━━━ Dataset section

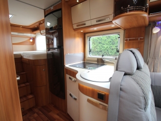 2 comfortabele in hoogte verstelbare Aguti pilotestoelen, draaibaar naar een gezellig comfort L-zit met luxe salontafel. Het interieur bestaat uit sfeervol meubeldecor Trentino Binbaum in combinatie met de luxe Montasio bekleding waarbij met de vele LED verlichting een bijzondere sfeer ontstaat. De comfort ingangs-deur is voorzien van een raam, schuifbare hor, en electrische opstap.
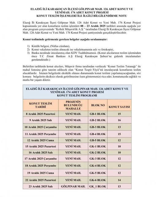 Konut teslimi için hak sahiplerinden nüfus cüzdanı, vekaleten işlem yapılacaksa vekaletnamenin aslı ve fotokopisi ile banka aracılığıyla düzenlenen KDV Taahhütnamesi istenecek. KDV taahhütnamesinin teslim öncesinde T.C. Ziraat Bankası Karakoçan Şubesi’nden alınması gerekiyor. Belgelerde eksiklik bulunması halinde işlemler yapılamayacağından, vatandaşların teslim gününde gerekli evraklarla hazır bulunması önem taşıyor.
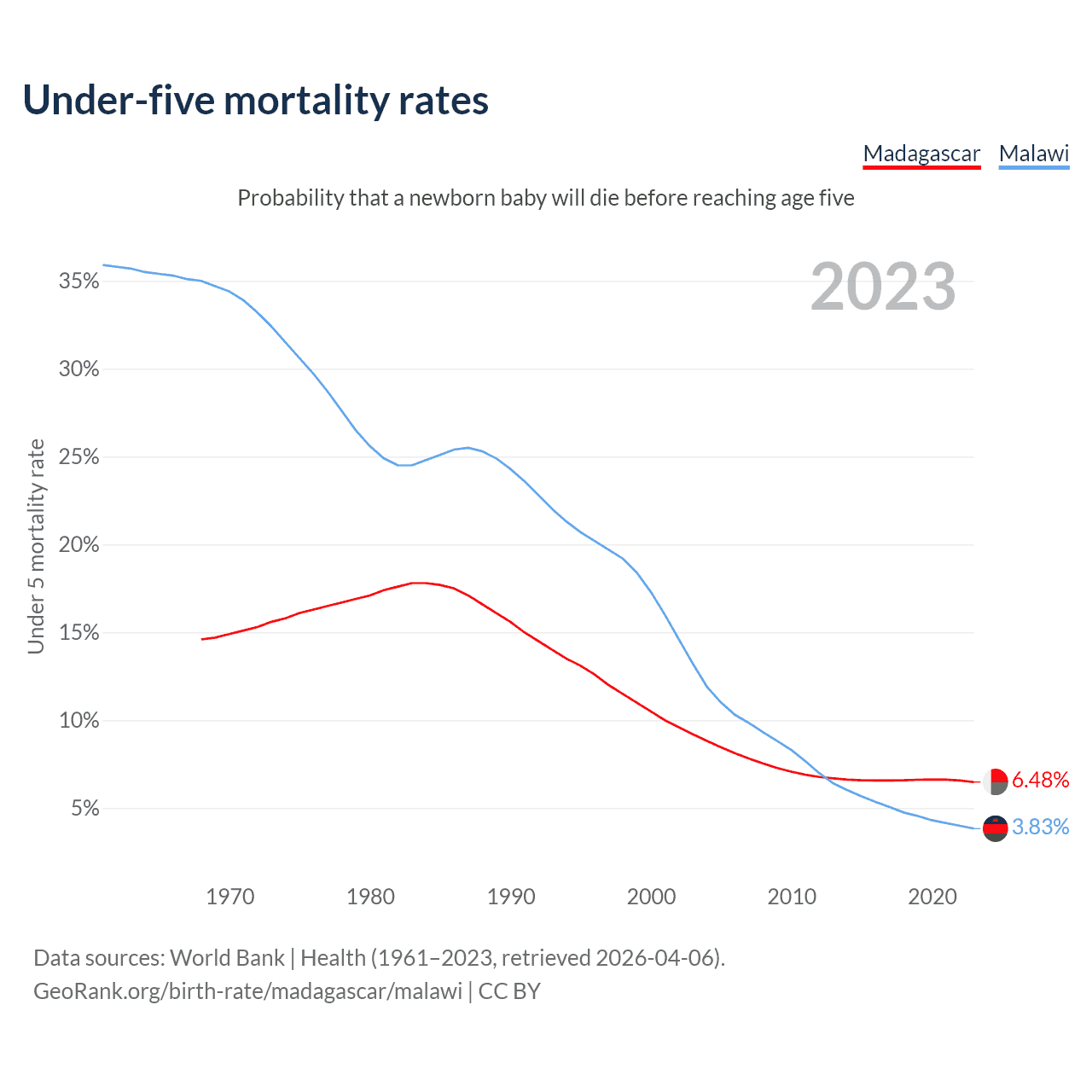 The chance that a newborn baby will die before reaching age five is 6.48% in Madagascar and 3.83% in Malawi. Above is a chart with historical data on under-five mortality rates.
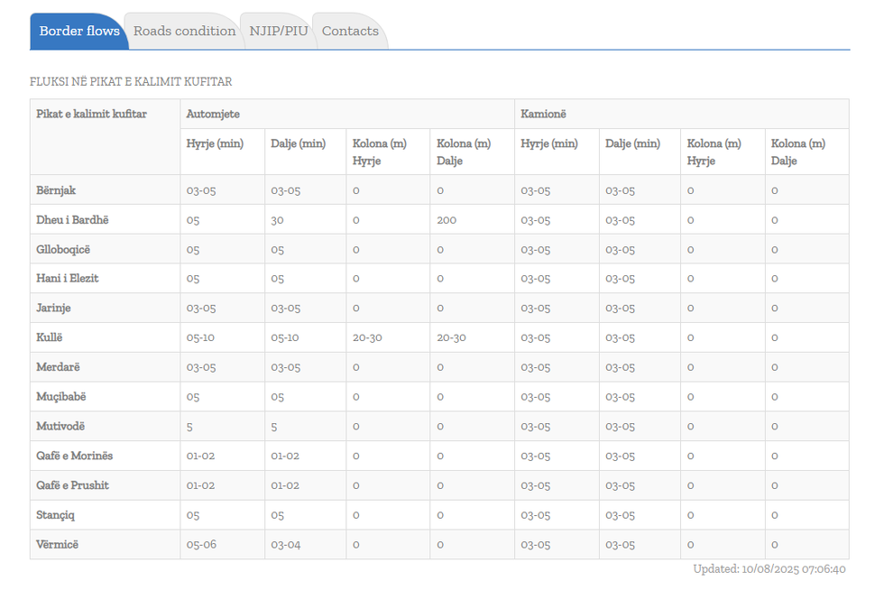Të gjitha pikat e tjera kufitare, përfshirë Merdarën, Vërmicën, Jarinjen, Glloboqicën, dhe Hanin e Elezit, raportohen me fluks normal, me pritje të shkurtë prej 3 deri në 5 minuta, pa kolona të automjeteve apo kamionëve.

━━━━━━

#### To do:
Leave every picture out and copy precisely the lines from the one containing "The chance that" through the last line of the data above, both ends included.

#### Task answer:
 The chance that a newborn baby will die before reaching age five is 6.48% in Madagascar and 3.83% in Malawi. Above is a chart with historical data on under-five mortality rates.
Të gjitha pikat e tjera kufitare, përfshirë Merdarën, Vërmicën, Jarinjen, Glloboqicën, dhe Hanin e Elezit, raportohen me fluks normal, me pritje të shkurtë prej 3 deri në 5 minuta, pa kolona të automjeteve apo kamionëve.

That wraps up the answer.